Nipun – Daily News and Market Round-Up

April 4, 2017

Nipun – Daily News and Market Round-Up

Market and Economy

·Sebi allows advisers to transact on client behalf

·Sebi finds some more brokers gained unfair access to NSE systems

·RBI likely to tighten cyber security norms

·Banks’ deposit portfolio hits Rs100 trillion. What next?

·India is moving towards a flawed GST

·Fed hike to have no impact, GST can push Nifty to 13,000: Mark Mobius

·Bond issuance declines 18% in India this year; lowest since 2009: report

·FIs mull options to shift operations to home country

.Govt to further ease visa regime to boost tourism, biz

·Banks eye ‘resolution’ of Rs 1.5L-cr stressed assets

·PFRDA eyes 70 lakh NRIs in West Asia

Market Round-Up

1. Sebi allows advisers to transact on client behalf

In its latest attempt to make processes smooth for Registered Investment Advisors (RIAs), Securities and Exchange Board of India (Sebi) has allowed them to buy and sell mutual funds on behalf of their clients through the stock exchange platform.

RIAs can now effectively use exchanges’ infrastructure to buy and sell mutual funds with asset management companies on behalf of their clients, something that they could not do earlier. Mutual fund distributors were allowed access to the stock exchange platform in October 2013 to transact in MF schemes.

The current circular is specifically for RIAs and assumes importance in light of the changes being proposed within the regulatory framework to facilitate growth of the RIA segment.

Read more at:

2.Sebi finds some more brokers gained unfair access to NSE systems

The Securities and Exchange Board of India (Sebi) will start a fresh inspection of the books of some brokers to examine if they got unfair access to National Stock Exchange of India (NSE) co-location servers for algorithmic trading, said two people aware of the development, including an official with the regulator.

The regulator has decided to conduct this special inspection after it found evidence that as many as 12 brokers might have got unfair access; a whistle-blower had earlier named just three brokers.

This is separate from NSE’s audit of its own algo systems which Sebi ordered after a technical advisory committee found instances of violation of fair access, one of the two persons cited above said. The NSE board has appointed Deloitte India to probe these allegations.

Read more at:

3.RBI likely to tighten cyber security norms

The Reserve Bank of India (RBI) has called a meeting on Monday with all stakeholders involved in the largest data breach in India’s banking system, said two people with direct knowledge of the development.

The meeting will be chaired by a deputy governor of the central bank and will be attended by executives from banks and payment network service providers.

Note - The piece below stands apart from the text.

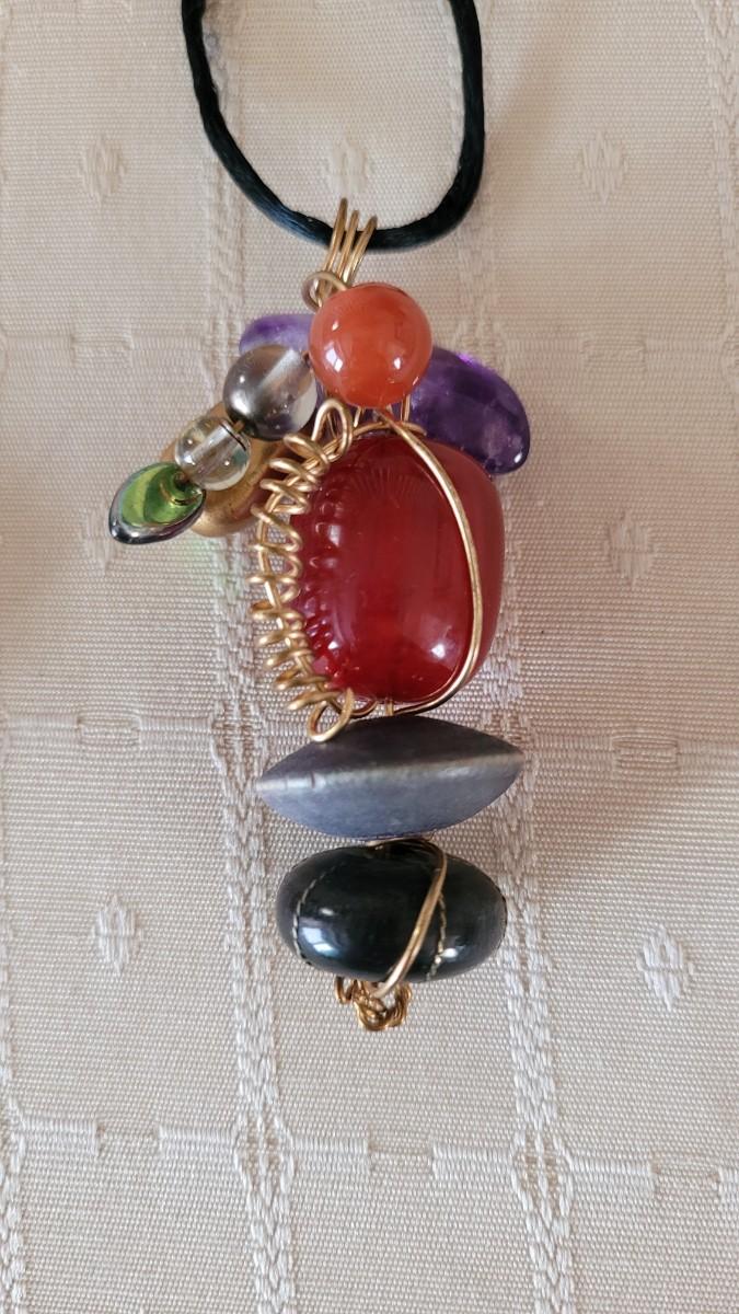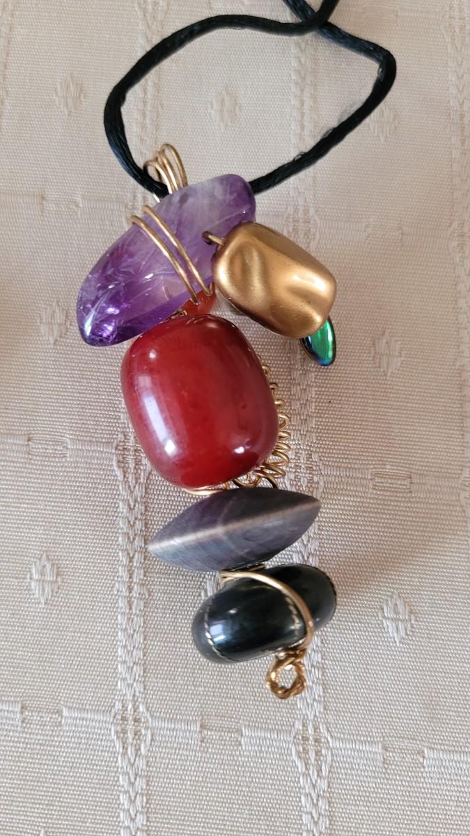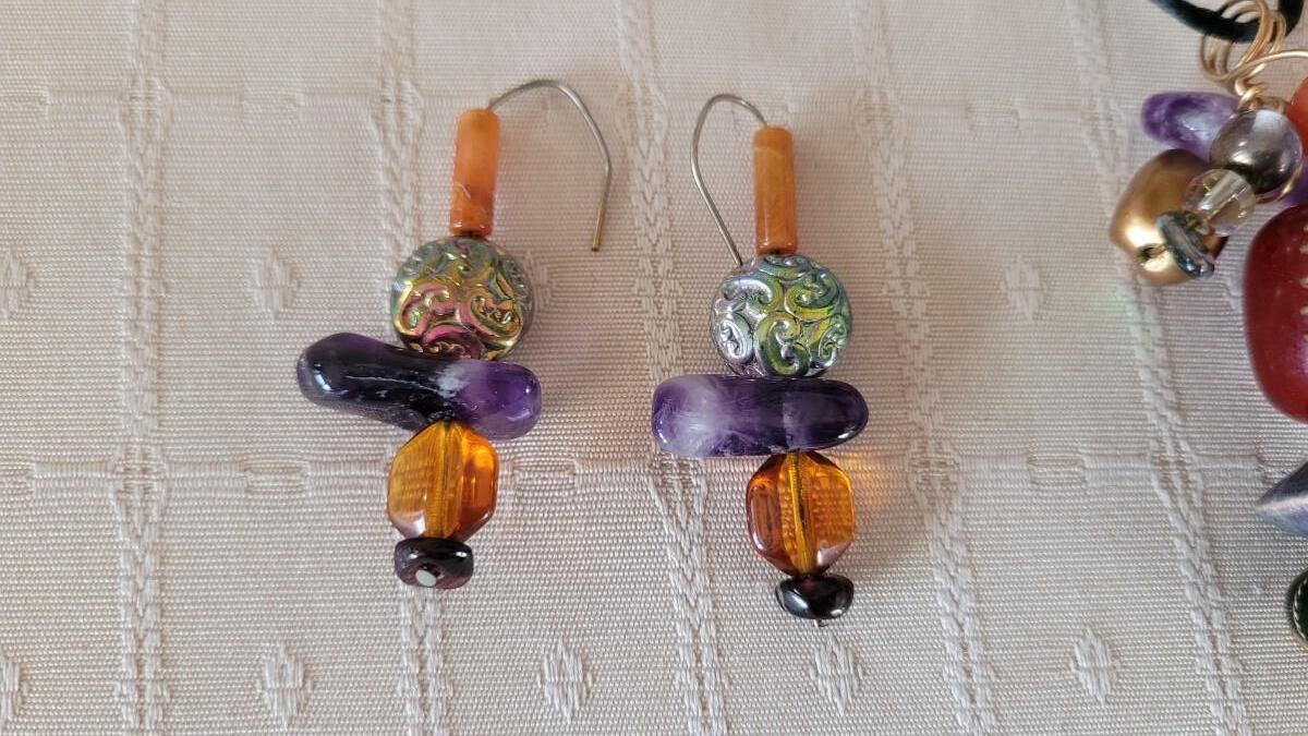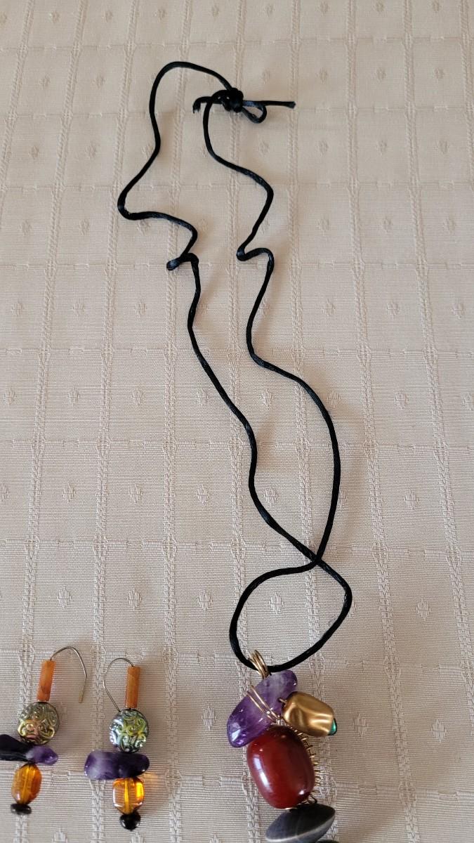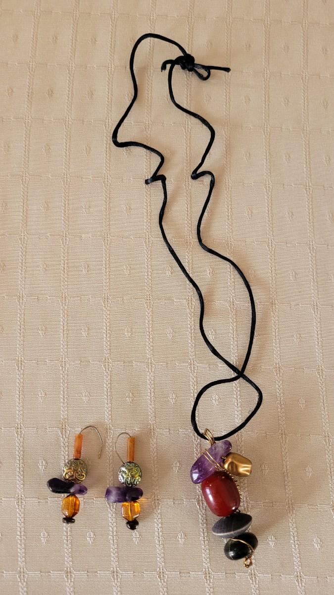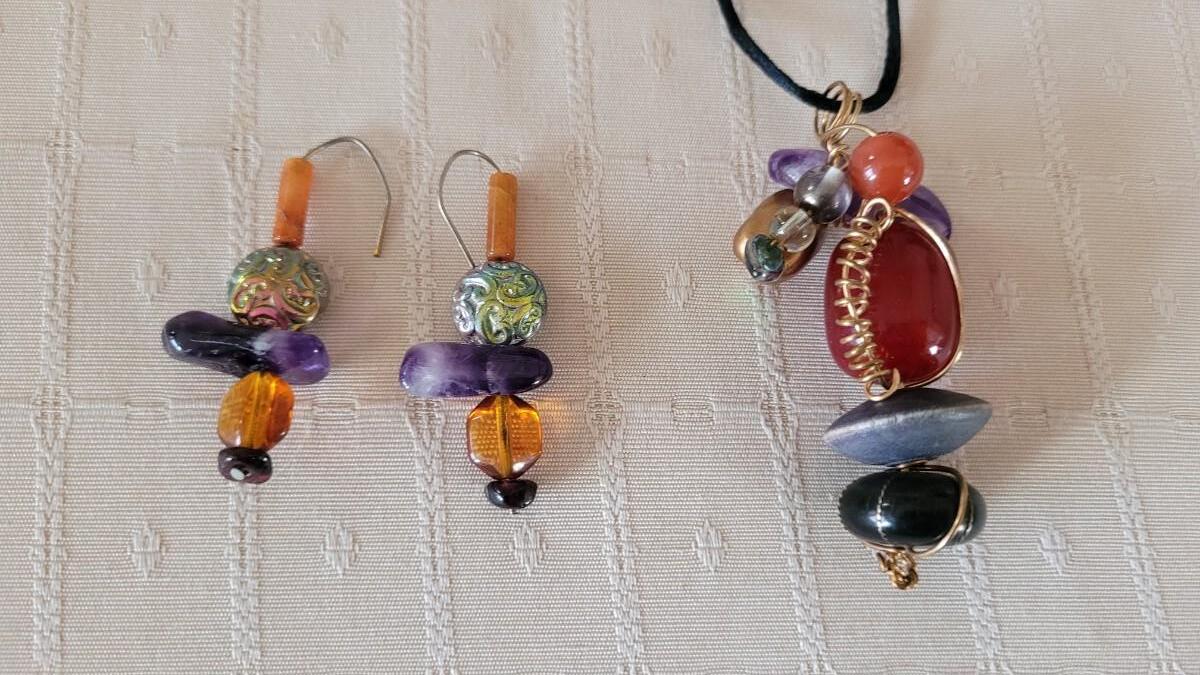 Lot 188: Handmade Wrapped Wire Gemstones and Beaded Pendant Necklace & Earrings

The central bank will ask all lenders to report cyber security issues on a real-time basis, an RBI official, one of the two people cited above, said on condition of anonymity.

Read more at:

4.Banks’ deposit portfolio hits Rs100 trillion. What next?

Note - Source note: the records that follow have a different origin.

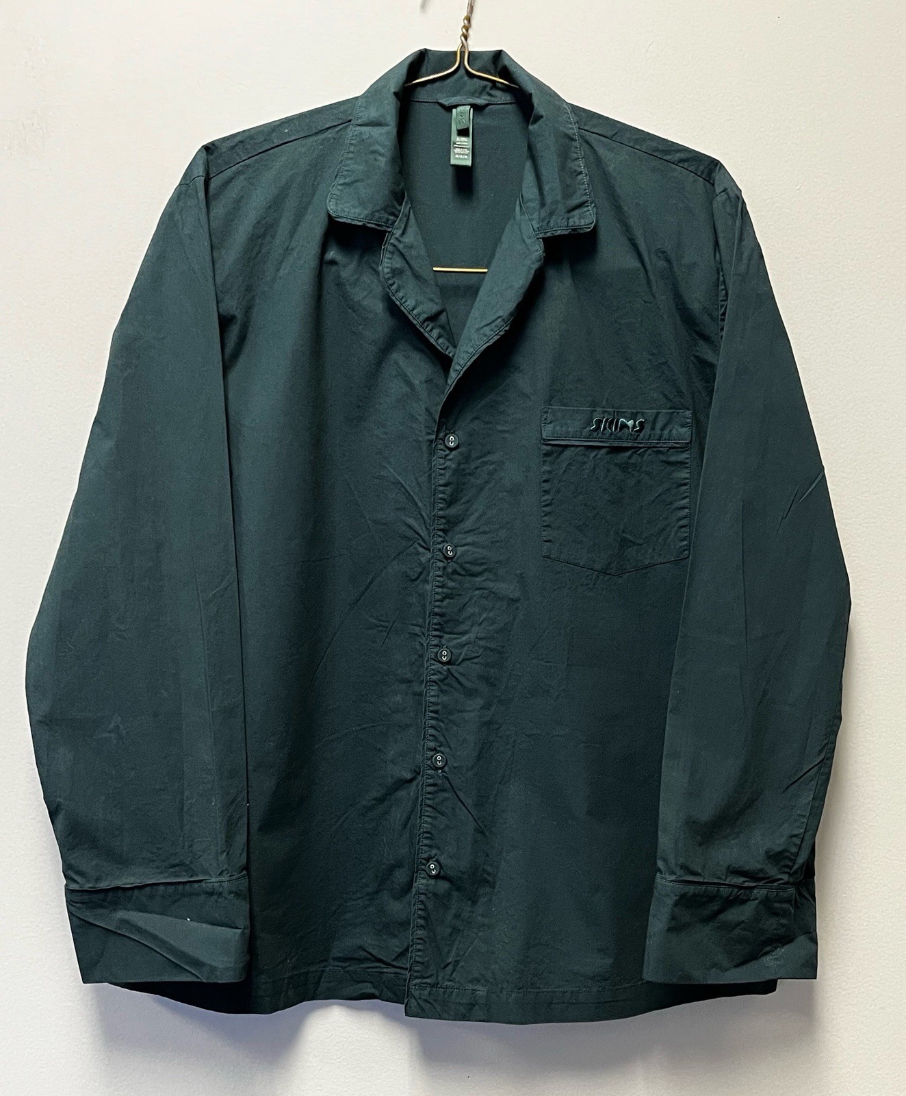 как выглядит SKIMS Pine Green Cotton Pajama Lounge Set Button Front Top Shorts S/M фото
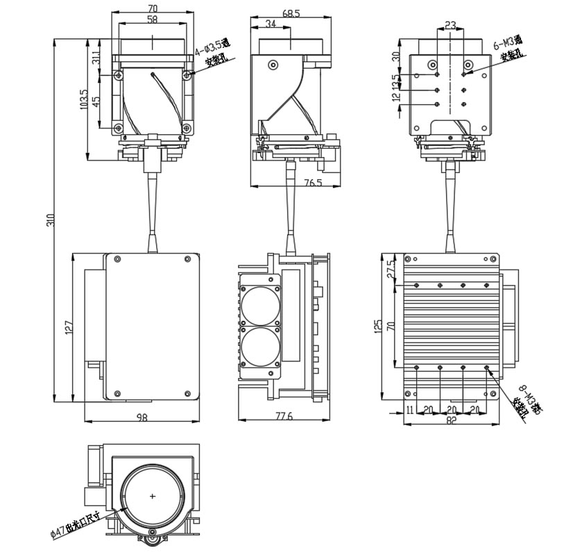 | LASER BEAM Angle | Angolu 'l bogħod 0.3 °, distanza effettiva> 3000m, dijametru tal-post tar-raġġ<φ16m |
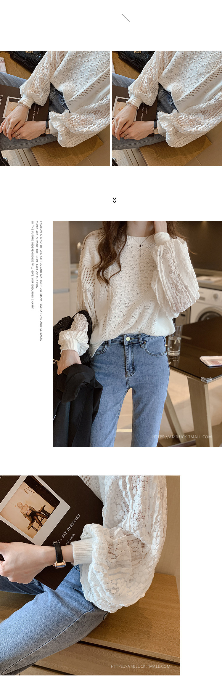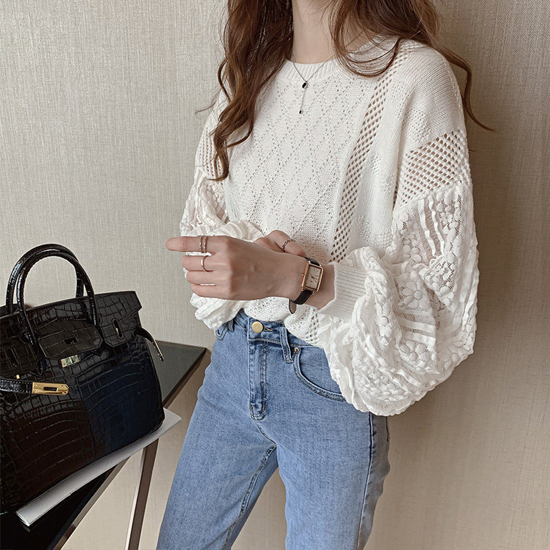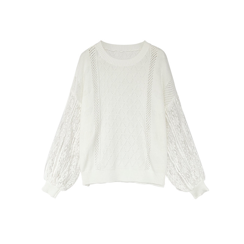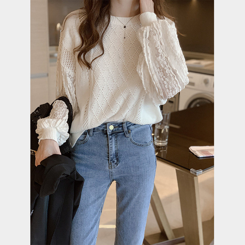 Белый осенний свитер, кружевной трикотажный лонгслив, 2023, в западном стиле
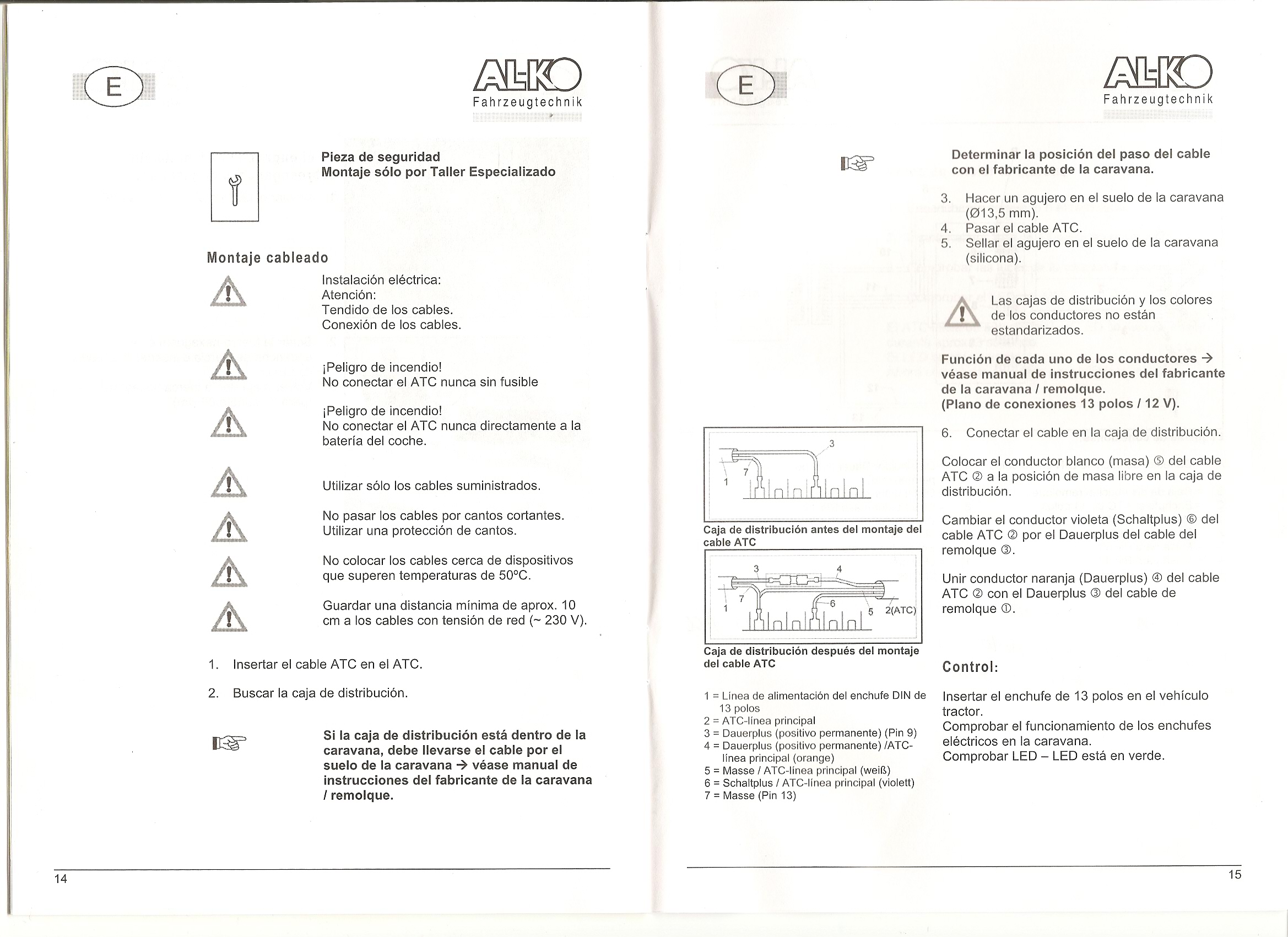 Los dos cables naranjas y los dos morados del ATC al positivo directo que viene del coche, azul-rojo en la caja de conexiones de debajo de la caravana.

India’s banking sector is celebrating a new milestone—its deposit portfolio crossed Rs100 trillion on 30 September.

It has been a long wait. The collective deposit base of the banking system in Asia’s third largest and the world’s fastest-growing major economy took five years and seven months to double from Rs50.46 trillion in February 2001.

On previous occasions, the deposit base doubled in a much shorter span. For instance, it had taken three years and 11 months to double from Rs25.04 trillion in March 2007; and four years and four months each to double from Rs12.57 trillion in November 2002 and Rs6.26 trillion in June 1998. Roughly, in the past decade, the deposit portfolio of the Indian banking system has grown five-fold.

Read more at:

5.India is moving towards a flawed GST

There are several reasons why this newspaper has been an enthusiastic supporter of the goods and services tax (GST). It will integrate the Indian market, promote economic efficiency by taxing final consumption rather than intermediate goods, encourage voluntary compliance and create a new architecture for cooperative federalism.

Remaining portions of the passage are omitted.